## PROBLEM TO SOLVE
Below are lines of records; copy exactly those from the one containing "Слайд 32Так выглядит" through the one containing "Comments: 180×250 mm, Paper: Fedrigoni", leaving the pictures behind.

## DATA SECTION
•••••

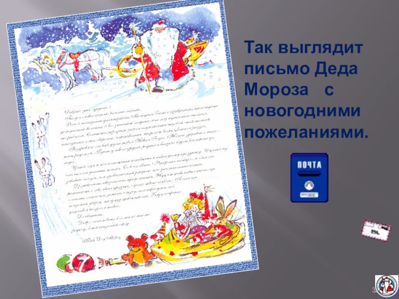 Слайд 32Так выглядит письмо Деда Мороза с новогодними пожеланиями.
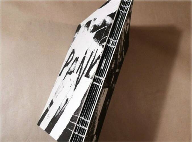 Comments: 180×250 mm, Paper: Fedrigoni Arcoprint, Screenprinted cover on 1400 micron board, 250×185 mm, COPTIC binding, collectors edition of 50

•••••

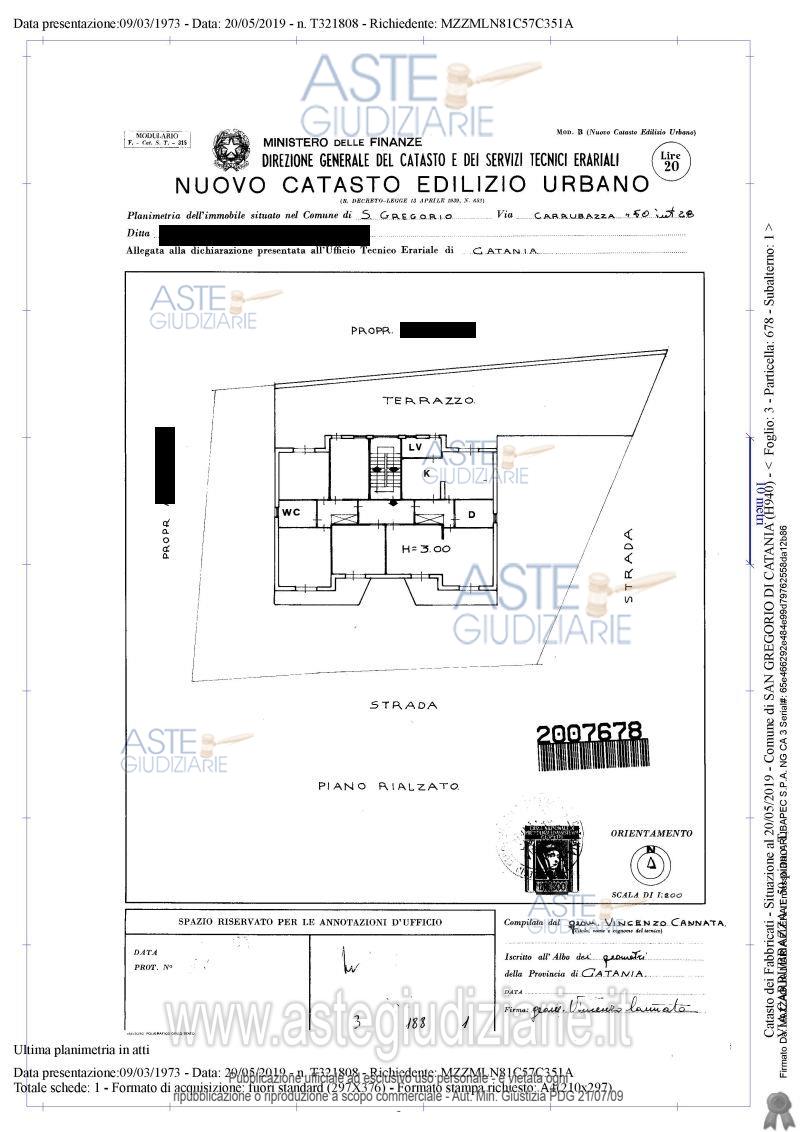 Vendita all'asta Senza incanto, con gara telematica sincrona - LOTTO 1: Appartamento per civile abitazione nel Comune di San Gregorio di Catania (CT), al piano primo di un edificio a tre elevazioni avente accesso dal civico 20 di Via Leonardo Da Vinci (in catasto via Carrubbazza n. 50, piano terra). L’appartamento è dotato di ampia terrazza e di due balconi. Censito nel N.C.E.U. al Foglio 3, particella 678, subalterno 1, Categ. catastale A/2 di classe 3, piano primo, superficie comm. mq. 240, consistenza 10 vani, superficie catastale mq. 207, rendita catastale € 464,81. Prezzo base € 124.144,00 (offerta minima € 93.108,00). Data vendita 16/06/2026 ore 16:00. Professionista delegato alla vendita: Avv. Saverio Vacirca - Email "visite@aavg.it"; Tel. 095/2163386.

•••••

## EXERCISE RESULT
 Слайд 32Так выглядит письмо Деда Мороза с новогодними пожеланиями.
 Comments: 180×250 mm, Paper: Fedrigoni Arcoprint, Screenprinted cover on 1400 micron board, 250×185 mm, COPTIC binding, collectors edition of 50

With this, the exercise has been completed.